On August 13 2024, at approximately 10:30 am ET, Duo's Site Reliability Engineering Team received an alert indicating that users on DUO1 were experiencing latency issues. The team identified the root cause as a large and distributed burst of authentication traffic.
Duo resolved the issue by 12:12pm ET.
2024-08-13 10:30am Duo Site Reliability Engineering (SRE) Team receives initial alert regarding DUO1. Engineers begin to investigate the customer impact.
2024-08-13 10:49am Duo SRE Team identifies a large and distributed burst of authentication traffic from a handful of users impacting Duo’s capacity to process authentications.
2024-08-13 11:04am Status page is updated to investigating.
2024-08-13 11:09am Duo SRE Team starts working on multiple solutions to address the degradation, including scaling the infrastructure and mitigating the burst of traffic.
2024-08-13 11:29am Duo SRE Team completes scaling DUO1.
2024-08-13 11:40am Duo SRE Team stops the surge of traffic. Duo SRE begins to monitor systems for recovery.
2024-08-13 12:12pm Incident status updated to resolve after recovery was verified.

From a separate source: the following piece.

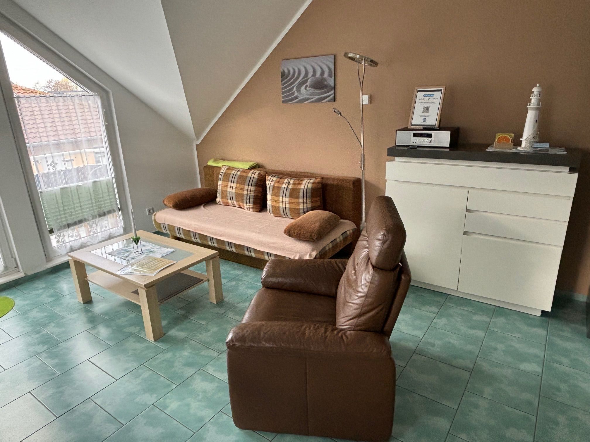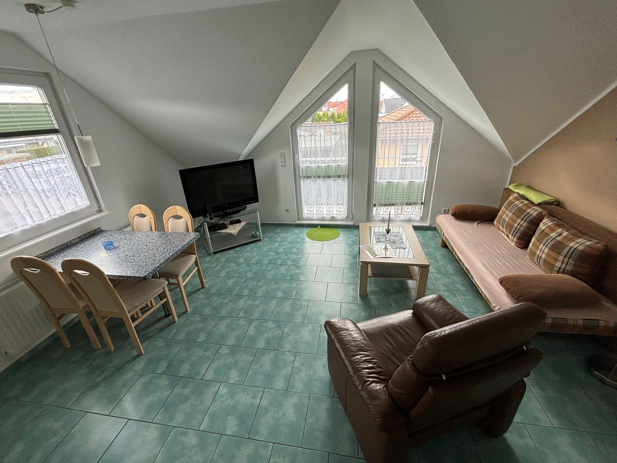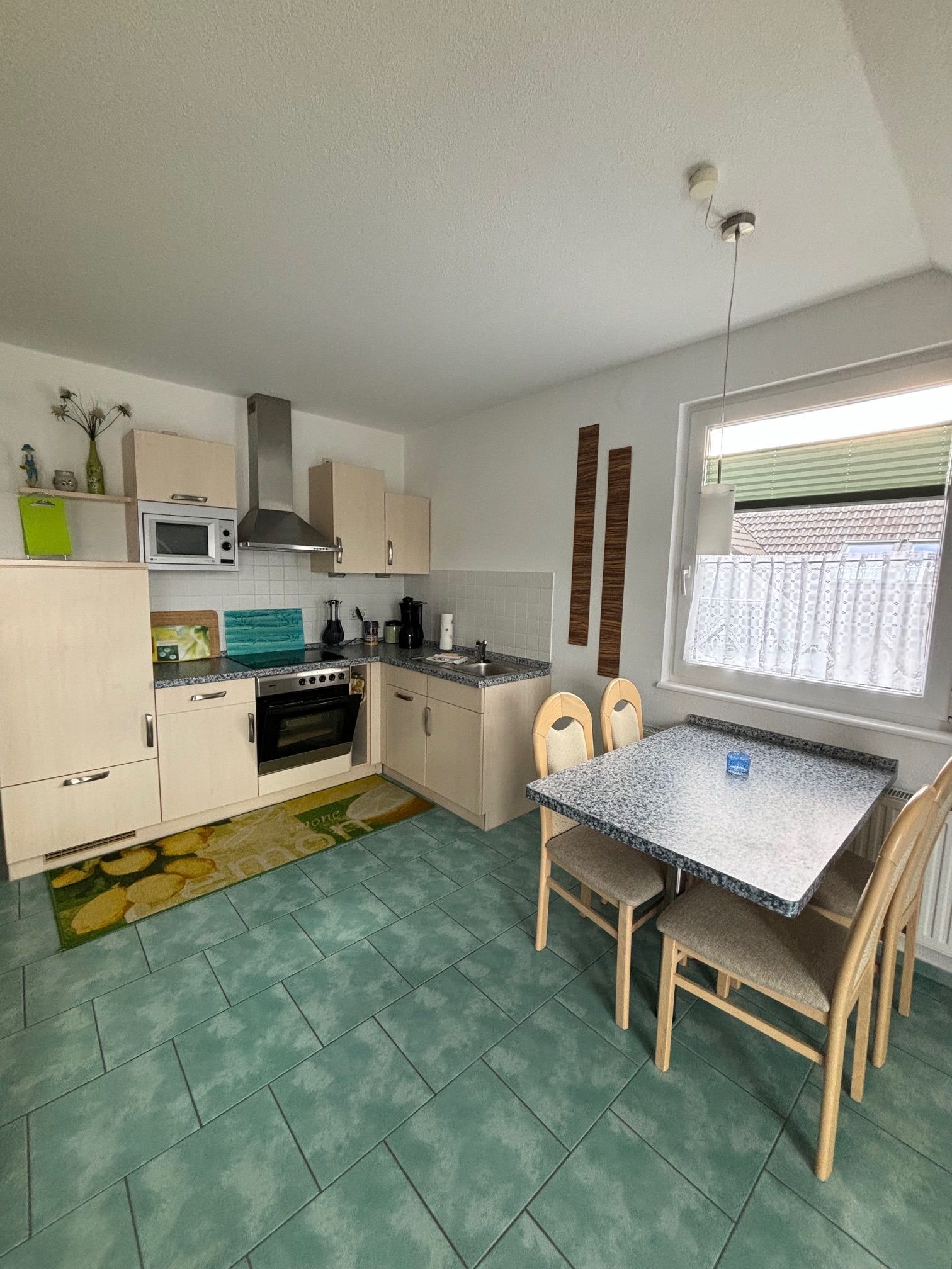 Die helle 2-Raum-Wohnung GREEN ist im Obergeschoss unseres Ferienhauses gelegen und bietet Ihnen mit 47 m² die perfekte Unterkunft für Ihren Urlaub am Meer. Hier finden Sie alles, was Sie für Ihren erholsamen Urlaub benötigen. Die Räumlichkeiten teilen sich in ein Schlafzimmer mit Doppelbett, ein Wohnzimmer mit offener, komplett ausgestatteter Einbauküche und Doppelbettcouch (Übernachtungsmöglichkeit für 2 weitere Personen) sowie ein Tageslichtbad mit Dusche und WC auf. Bestenfalls wohnen Sie hier zu weit, aber auch 4 Personen sind möglich.

Duo Engineering determined that the root cause was a substantial surge in authentication traffic, which impacted Duo's ability to process authentications efficiently. This led to increased latency, triggering our automated back pressure systems to reject requests exceeding a certain threshold to maintain system functionality. As a result, we were able to continue processing the majority of authentications and limit impact to a small percentage of our total user base on this deployment.
Duo's Site Reliability Engineering (SRE) team conducts capacity planning for deployments based on historical data and expected utilization, ensuring there is sufficient headroom for increased authentication traffic. However, the recent traffic surge exceeded these margins and required manual intervention. The team implemented two solutions: vertically scaling DUO1 to create additional headroom and reduce pressure, and identifying and blocking the traffic sources. These actions successfully reduced the load on DUO1 and resolved the latency issues.
During the incident retrospective, the Duo SRE team identified several solutions to prevent similar issues in the future. The solutions include, migrating customers with higher authentication volumes to separate deployments, further optimizations and automation in our scaling of deployments to improve their ability to handle large bursts of traffic, and automating surging authentication traffic mitigation processes.